論文の概要: Domain Adaptive Object Detection for Space Applications with Real-Time Constraints
- arxiv url: http://arxiv.org/abs/2509.17593v1
- Date: Mon, 22 Sep 2025 11:17:14 GMT
- ステータス: 翻訳完了
- システム内更新日: 2025-09-23 18:58:16.334145
- Title: Domain Adaptive Object Detection for Space Applications with Real-Time Constraints
- Title(参考訳): 実時間制約付き宇宙アプリケーションのためのドメイン適応オブジェクト検出
- Authors: Samet Hicsonmez, Abd El Rahman Shabayek, Arunkumar Rathinam, Djamila Aouada,
- Abstract要約: 宇宙アプリケーションにおけるオブジェクト検出のための現在のディープラーニングモデルは、しばしばシミュレータからの合成データに基づいて訓練される。
ドメイン適応の重要性を示し、そのギャップを減らすためにスーパービジョンドドメイン適応を探索する。

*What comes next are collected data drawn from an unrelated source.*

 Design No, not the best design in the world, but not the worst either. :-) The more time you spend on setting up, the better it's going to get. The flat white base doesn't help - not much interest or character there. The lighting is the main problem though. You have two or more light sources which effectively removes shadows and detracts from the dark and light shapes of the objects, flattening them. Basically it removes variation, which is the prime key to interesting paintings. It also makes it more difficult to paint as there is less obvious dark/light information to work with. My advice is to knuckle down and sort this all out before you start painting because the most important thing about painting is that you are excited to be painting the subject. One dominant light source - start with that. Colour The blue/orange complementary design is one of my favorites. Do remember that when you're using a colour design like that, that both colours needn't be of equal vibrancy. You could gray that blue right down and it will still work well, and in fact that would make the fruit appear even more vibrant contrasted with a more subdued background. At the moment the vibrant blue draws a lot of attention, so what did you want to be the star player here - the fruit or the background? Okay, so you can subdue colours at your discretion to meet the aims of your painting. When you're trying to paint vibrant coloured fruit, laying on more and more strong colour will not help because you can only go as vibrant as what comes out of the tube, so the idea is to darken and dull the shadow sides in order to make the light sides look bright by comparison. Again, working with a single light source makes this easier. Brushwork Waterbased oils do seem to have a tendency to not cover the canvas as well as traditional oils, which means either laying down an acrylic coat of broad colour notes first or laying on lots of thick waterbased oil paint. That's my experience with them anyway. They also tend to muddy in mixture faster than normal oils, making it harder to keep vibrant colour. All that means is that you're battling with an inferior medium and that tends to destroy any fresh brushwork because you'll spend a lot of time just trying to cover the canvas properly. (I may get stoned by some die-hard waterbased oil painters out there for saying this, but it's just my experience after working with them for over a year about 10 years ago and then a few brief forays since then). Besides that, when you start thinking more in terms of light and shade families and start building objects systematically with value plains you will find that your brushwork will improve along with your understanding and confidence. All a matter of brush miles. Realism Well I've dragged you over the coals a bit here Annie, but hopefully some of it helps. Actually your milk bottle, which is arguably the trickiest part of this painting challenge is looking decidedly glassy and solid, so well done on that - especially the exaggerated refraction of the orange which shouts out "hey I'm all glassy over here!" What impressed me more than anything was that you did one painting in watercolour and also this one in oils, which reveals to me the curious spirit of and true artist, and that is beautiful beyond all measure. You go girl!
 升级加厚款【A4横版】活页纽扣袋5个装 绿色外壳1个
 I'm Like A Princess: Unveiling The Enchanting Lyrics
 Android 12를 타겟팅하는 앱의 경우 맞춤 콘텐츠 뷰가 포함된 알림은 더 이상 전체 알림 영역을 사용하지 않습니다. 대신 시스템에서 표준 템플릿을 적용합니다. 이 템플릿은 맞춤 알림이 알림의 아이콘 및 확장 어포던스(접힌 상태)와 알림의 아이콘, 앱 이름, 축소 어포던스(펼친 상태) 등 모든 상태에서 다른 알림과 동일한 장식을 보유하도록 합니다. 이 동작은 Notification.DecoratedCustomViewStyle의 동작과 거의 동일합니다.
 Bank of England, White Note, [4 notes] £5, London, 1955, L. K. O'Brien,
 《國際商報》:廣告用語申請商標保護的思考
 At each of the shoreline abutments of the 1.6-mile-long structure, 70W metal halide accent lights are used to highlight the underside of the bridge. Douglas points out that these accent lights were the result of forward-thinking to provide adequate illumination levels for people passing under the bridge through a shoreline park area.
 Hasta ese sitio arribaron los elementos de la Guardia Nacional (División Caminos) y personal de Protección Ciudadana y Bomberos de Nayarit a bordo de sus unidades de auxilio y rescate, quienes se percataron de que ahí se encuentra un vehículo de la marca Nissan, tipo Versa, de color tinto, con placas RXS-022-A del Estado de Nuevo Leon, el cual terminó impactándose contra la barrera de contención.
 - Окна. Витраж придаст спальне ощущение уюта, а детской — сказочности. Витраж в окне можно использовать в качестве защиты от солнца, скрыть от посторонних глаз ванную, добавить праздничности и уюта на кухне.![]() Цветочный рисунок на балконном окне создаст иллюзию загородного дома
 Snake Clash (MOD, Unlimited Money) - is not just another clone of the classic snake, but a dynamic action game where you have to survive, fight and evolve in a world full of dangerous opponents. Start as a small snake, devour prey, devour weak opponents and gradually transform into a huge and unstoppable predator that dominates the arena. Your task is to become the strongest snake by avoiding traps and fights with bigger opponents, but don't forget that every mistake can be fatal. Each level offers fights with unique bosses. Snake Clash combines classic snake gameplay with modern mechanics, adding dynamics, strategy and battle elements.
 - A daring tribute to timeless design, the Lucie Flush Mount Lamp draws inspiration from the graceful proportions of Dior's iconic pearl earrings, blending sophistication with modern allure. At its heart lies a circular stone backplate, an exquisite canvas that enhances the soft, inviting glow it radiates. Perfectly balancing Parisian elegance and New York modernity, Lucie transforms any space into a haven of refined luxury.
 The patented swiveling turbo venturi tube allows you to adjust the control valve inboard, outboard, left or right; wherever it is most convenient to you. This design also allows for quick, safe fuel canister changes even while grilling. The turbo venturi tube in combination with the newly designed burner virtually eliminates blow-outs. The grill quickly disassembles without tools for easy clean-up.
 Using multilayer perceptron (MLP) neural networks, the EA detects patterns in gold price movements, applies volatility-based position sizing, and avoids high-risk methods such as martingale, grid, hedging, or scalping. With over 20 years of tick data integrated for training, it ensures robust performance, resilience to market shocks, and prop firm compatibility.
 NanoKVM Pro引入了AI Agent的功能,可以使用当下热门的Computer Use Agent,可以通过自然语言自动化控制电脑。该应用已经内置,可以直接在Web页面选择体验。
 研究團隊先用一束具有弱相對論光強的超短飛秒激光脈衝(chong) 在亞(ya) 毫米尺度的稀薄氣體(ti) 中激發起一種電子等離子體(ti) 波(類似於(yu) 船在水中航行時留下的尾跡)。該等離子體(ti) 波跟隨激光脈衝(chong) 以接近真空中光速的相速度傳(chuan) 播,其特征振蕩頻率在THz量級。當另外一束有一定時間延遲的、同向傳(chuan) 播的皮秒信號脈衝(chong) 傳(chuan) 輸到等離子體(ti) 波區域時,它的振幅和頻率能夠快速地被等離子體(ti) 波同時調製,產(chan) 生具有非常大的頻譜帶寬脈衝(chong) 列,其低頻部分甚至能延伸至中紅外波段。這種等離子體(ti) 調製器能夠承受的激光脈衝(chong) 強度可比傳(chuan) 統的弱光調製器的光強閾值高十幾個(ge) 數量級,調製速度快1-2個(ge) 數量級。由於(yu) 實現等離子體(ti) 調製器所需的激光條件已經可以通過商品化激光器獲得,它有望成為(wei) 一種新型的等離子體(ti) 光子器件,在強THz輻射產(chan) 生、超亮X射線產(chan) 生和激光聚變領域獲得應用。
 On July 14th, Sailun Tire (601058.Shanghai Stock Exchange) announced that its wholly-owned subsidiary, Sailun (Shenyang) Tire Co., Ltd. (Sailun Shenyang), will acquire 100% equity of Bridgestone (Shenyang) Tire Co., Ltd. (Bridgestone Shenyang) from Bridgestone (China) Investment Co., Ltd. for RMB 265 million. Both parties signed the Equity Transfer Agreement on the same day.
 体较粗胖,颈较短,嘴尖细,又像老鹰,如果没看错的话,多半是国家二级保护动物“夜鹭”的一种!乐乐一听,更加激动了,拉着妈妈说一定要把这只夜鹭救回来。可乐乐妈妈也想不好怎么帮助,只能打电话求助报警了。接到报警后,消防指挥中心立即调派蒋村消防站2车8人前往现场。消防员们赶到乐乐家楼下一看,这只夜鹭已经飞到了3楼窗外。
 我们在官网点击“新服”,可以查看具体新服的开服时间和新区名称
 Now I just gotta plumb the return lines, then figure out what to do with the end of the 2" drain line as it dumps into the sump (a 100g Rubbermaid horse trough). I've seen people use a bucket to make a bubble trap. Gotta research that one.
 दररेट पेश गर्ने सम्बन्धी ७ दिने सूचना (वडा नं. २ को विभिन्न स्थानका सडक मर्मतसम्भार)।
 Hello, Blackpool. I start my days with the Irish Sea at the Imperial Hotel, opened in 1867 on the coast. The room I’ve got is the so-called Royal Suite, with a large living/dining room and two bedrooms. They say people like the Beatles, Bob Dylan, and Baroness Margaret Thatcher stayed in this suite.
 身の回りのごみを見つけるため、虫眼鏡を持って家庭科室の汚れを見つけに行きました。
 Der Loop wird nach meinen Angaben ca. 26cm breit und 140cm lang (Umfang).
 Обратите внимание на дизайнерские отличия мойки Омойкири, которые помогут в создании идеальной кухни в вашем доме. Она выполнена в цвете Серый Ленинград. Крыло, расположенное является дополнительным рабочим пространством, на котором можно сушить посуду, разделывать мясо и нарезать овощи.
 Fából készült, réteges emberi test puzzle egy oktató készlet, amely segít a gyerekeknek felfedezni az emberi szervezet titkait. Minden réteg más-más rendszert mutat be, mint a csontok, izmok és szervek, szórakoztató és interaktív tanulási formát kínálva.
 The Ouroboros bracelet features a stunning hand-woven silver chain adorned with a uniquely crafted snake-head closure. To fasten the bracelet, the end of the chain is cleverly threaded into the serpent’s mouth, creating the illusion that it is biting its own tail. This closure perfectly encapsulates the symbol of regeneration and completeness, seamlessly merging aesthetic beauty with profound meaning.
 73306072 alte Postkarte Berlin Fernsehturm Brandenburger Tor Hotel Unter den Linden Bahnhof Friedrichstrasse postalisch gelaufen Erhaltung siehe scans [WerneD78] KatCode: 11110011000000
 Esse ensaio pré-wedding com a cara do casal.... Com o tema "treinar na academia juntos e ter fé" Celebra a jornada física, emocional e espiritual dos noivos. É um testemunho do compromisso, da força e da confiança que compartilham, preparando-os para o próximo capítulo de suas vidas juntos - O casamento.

結果は、250個のラベル付き実画像で平均精度(AP)を最大20ポイント改善する。
- 参考スコア(独自算出の注目度): 15.646223622227424
- License: http://arxiv.org/licenses/nonexclusive-distrib/1.0/
- Abstract: Object detection is essential in space applications targeting Space Domain Awareness and also applications involving relative navigation scenarios. Current deep learning models for Object Detection in space applications are often trained on synthetic data from simulators, however, the model performance drops significantly on real-world data due to the domain gap. However, domain adaptive object detection is an overlooked problem in the community. In this work, we first show the importance of domain adaptation and then explore Supervised Domain Adaptation (SDA) to reduce this gap using minimal labeled real data. We build on a recent semi-supervised adaptation method and tailor it for object detection. Our approach combines domain-invariant feature learning with a CNN-based domain discriminator and invariant risk minimization using a domain-independent regression head. To meet real-time deployment needs, we test our method on a lightweight Single Shot Multibox Detector (SSD) with MobileNet backbone and on the more advanced Fully Convolutional One-Stage object detector (FCOS) with ResNet-50 backbone. We evaluated on two space datasets, SPEED+ and SPARK. The results show up to 20-point improvements in average precision (AP) with just 250 labeled real images.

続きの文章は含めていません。